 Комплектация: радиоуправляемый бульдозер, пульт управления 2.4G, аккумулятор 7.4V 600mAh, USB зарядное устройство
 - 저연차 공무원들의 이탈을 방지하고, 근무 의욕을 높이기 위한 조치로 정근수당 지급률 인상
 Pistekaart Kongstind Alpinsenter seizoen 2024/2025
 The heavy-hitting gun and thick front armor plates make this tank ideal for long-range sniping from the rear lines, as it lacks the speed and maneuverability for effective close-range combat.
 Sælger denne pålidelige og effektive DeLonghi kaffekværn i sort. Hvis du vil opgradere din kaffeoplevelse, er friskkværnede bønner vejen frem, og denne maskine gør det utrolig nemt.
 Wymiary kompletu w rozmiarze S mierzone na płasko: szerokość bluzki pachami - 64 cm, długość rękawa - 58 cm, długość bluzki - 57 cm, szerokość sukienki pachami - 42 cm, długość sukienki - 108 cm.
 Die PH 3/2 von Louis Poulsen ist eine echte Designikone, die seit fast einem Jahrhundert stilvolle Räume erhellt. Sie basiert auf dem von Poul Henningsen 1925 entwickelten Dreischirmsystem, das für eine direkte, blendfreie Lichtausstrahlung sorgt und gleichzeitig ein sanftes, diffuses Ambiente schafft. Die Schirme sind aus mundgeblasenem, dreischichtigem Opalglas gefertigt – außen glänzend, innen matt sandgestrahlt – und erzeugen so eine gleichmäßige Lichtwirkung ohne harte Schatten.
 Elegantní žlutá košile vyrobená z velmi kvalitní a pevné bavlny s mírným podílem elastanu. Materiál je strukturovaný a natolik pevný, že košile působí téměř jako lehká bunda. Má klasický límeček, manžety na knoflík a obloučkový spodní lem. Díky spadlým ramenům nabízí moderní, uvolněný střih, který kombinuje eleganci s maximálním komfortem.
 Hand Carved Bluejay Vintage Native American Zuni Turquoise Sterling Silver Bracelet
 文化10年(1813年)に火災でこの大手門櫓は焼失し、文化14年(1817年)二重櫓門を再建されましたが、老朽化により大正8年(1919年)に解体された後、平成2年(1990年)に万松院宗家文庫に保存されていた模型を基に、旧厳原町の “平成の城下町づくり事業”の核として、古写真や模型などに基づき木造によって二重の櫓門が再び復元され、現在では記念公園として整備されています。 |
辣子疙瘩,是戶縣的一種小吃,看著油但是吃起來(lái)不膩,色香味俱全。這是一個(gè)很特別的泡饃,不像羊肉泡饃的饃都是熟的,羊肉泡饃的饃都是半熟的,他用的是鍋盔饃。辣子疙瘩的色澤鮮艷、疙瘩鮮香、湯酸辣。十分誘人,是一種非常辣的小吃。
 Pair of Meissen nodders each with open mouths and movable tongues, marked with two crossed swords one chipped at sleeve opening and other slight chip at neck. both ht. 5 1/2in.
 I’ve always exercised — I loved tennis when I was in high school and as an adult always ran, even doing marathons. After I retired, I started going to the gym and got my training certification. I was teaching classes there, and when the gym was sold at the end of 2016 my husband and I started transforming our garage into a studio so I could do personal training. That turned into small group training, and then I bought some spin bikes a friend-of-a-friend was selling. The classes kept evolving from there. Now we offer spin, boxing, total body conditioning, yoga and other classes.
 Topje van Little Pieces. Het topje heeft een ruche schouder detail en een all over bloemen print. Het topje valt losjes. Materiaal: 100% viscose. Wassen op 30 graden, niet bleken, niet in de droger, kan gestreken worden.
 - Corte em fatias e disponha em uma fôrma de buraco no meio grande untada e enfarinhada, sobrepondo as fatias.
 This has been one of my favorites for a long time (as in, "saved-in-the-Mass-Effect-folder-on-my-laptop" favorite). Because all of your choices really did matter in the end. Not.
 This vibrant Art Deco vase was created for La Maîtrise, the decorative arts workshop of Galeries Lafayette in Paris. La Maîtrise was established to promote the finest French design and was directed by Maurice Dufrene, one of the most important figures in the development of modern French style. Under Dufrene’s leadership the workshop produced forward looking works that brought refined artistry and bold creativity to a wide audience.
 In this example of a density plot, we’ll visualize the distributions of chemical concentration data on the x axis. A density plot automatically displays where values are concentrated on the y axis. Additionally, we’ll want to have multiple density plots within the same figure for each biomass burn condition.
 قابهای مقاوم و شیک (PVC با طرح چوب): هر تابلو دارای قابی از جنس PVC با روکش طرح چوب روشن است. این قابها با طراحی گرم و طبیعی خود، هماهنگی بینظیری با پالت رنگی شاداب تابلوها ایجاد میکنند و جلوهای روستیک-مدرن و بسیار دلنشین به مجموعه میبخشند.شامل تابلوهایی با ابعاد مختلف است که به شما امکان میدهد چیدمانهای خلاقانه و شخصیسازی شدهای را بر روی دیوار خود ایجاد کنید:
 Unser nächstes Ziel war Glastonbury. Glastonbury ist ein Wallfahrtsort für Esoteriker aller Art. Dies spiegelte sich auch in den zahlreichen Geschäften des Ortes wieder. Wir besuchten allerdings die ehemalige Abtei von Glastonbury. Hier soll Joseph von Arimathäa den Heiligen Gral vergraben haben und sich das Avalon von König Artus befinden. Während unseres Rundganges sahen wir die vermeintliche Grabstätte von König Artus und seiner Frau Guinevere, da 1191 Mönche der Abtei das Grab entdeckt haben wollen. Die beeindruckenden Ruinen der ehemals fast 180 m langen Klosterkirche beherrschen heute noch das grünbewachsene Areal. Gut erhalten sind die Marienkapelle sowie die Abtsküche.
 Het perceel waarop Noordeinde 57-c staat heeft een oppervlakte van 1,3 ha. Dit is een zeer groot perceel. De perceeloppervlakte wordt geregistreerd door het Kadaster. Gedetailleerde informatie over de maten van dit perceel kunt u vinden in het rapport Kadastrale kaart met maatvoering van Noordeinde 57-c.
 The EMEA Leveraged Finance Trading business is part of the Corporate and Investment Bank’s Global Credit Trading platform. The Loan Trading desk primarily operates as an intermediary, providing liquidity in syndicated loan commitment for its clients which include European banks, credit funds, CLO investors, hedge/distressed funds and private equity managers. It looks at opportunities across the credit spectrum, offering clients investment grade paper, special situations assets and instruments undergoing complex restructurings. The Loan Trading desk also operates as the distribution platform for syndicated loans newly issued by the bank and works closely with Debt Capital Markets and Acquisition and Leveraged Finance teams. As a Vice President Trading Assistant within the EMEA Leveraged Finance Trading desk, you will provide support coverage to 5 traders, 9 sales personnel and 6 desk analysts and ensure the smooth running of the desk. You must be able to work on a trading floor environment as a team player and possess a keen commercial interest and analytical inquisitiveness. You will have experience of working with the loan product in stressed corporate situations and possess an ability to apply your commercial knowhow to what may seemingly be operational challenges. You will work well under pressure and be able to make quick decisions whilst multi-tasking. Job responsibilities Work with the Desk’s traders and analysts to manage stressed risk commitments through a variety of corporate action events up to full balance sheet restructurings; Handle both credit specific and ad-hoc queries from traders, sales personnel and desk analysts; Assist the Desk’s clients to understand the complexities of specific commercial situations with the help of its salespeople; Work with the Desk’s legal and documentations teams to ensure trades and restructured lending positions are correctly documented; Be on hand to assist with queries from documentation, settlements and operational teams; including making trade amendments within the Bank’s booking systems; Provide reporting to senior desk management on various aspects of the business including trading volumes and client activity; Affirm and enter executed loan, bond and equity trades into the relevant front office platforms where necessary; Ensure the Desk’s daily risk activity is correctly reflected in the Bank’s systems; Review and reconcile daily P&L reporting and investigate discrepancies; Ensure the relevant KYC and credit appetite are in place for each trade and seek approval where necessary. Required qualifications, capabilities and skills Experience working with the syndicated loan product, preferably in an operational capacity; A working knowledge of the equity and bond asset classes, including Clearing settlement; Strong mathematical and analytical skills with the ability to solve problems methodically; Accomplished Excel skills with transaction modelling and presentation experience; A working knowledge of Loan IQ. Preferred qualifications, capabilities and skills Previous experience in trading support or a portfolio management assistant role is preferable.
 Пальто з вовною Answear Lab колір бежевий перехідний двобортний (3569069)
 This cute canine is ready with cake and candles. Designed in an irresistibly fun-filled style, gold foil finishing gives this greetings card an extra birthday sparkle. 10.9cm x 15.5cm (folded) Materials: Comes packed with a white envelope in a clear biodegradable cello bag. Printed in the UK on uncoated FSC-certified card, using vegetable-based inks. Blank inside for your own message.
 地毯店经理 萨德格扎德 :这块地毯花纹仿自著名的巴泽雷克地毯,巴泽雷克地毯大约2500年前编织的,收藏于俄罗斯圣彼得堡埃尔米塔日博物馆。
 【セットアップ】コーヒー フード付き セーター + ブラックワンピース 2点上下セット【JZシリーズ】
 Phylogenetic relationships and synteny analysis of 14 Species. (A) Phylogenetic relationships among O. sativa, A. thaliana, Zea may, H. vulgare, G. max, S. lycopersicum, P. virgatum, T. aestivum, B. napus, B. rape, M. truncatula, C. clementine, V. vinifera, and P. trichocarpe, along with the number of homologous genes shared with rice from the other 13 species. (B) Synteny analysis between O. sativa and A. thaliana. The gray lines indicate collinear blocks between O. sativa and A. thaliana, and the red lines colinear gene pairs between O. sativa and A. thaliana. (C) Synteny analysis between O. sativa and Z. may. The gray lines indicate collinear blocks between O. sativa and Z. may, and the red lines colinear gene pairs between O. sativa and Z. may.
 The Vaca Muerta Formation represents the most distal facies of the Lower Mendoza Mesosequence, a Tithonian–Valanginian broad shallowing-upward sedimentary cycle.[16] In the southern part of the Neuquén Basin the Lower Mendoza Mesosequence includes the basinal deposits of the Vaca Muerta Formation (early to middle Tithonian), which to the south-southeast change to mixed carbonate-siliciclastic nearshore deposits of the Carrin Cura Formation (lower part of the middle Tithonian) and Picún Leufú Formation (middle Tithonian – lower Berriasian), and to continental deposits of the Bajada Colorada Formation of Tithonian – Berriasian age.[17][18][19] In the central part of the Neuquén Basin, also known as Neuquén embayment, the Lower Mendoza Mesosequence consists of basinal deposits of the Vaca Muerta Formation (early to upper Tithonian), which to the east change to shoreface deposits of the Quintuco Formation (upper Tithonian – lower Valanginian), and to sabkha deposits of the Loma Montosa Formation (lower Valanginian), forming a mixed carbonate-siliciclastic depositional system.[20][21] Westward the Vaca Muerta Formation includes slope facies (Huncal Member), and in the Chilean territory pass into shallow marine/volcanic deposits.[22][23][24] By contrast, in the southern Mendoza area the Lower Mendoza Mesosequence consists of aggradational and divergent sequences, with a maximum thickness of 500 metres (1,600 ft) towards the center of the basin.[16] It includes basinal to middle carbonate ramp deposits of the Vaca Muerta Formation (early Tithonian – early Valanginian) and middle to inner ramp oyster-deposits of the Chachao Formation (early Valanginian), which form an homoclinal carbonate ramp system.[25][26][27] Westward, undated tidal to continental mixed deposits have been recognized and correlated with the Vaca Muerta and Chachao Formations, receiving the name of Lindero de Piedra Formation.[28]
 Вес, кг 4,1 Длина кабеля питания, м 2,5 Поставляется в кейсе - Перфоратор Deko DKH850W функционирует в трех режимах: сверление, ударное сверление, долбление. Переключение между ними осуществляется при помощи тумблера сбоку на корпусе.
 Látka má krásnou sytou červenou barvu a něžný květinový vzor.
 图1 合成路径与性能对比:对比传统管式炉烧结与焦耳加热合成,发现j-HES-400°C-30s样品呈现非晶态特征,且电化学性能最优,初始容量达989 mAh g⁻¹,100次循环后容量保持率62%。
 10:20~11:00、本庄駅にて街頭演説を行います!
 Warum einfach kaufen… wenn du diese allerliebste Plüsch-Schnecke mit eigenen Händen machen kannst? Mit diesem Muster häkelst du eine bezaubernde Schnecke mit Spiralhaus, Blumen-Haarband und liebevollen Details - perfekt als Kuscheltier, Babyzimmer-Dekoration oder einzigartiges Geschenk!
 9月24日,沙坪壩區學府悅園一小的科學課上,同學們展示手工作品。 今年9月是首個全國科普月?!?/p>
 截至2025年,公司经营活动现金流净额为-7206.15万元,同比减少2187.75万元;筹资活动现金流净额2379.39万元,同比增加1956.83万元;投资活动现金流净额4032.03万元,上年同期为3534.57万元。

**What you are asked to do:** Within the material above, output exactly the lines from the one with "Die PH 3/2 von" through the one with "Hand Carved Bluejay", end lines included, and nothing besides.

**Exercise result:**
 Die PH 3/2 von Louis Poulsen ist eine echte Designikone, die seit fast einem Jahrhundert stilvolle Räume erhellt. Sie basiert auf dem von Poul Henningsen 1925 entwickelten Dreischirmsystem, das für eine direkte, blendfreie Lichtausstrahlung sorgt und gleichzeitig ein sanftes, diffuses Ambiente schafft. Die Schirme sind aus mundgeblasenem, dreischichtigem Opalglas gefertigt – außen glänzend, innen matt sandgestrahlt – und erzeugen so eine gleichmäßige Lichtwirkung ohne harte Schatten.
 Elegantní žlutá košile vyrobená z velmi kvalitní a pevné bavlny s mírným podílem elastanu. Materiál je strukturovaný a natolik pevný, že košile působí téměř jako lehká bunda. Má klasický límeček, manžety na knoflík a obloučkový spodní lem. Díky spadlým ramenům nabízí moderní, uvolněný střih, který kombinuje eleganci s maximálním komfortem.
 Hand Carved Bluejay Vintage Native American Zuni Turquoise Sterling Silver Bracelet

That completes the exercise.